Pamela Prati volta pagina dopo lo scandalo scaturito dal finto matrimonio con l'inesistente Mark Caltagirone. La showgirl si è raccontata sulle pagine del settimanale ‘Oggi'. La sua rinascita parte da un ritorno alle origini. A 60 anni e dopo gli ultimi turbolenti risvolti della sua vita pubblica, ha deciso di lasciarsi alle spalle Pamela Prati e tornare a essere Paola Pireddu:

"Oggi sono Paola Pireddu. Sono caduta e ho provato a rialzarmi. Non è stato semplice e tuttora non lo è, ma quella Pamela non esiste più, e son dovuta tornare a essere Paola per trovare la forza e rimettermi in piedi. Paola è un nome semplice, dolce, forte. Ma è soprattutto il nome di una donna libera".

Interpreterà se stessa in un film sulla sua storia

Pamela Prati, che di recente si è rivolta ai suoi legali per bloccare l'uscita del film di Gianni Ippoliti ‘Mark Caltagirone: una storia italiana' (qui l'intervista di Fanpage.it al regista), ha annunciato l'intenzione di occuparsi in prima persona di un film che racconti la sua storia. A suo dire, sia Netflix che Sky potrebbero essere interessate al progetto: "Sto girando l’Italia alla ricerca delle location giuste per il mio film: la mia storia attrae sia Sky sia Netflix. Chi interpreterà la mia parte? Ovviamente io. E chi se no?"

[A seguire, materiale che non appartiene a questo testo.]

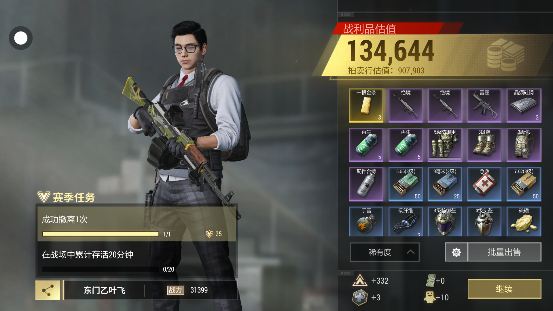 当狙仔小赚4万。 爽

Pamela Prati si ritiene vittima della sua fragilità

Pamela Prati, o come preferisce essere chiamata, Paola Pireddu è certa che anche dopo il Prati-Gate gli italiani siano dalla sua parte. Negli occhi delle persone che incontra ogni giorno vedrebbe solo sostegno, comprensione e solidarietà: "La gente mi comprende. Bisogna distinguere la tv, i social che sono irreali, dalla vita vera. E la mia vita è fatta di persone che mi fermano per strada e mi abbracciano. Che mi hanno compresa e fatto sentire amata". Oggi ritiene che il caso di cui è stata suo malgrado protagonista sia scaturito dalla sua fragilità: "La perdita di mia sorella due anni fa mi aveva provata profondamente e come tante donne nella fragilità sono inciampata e ho battuto la faccia".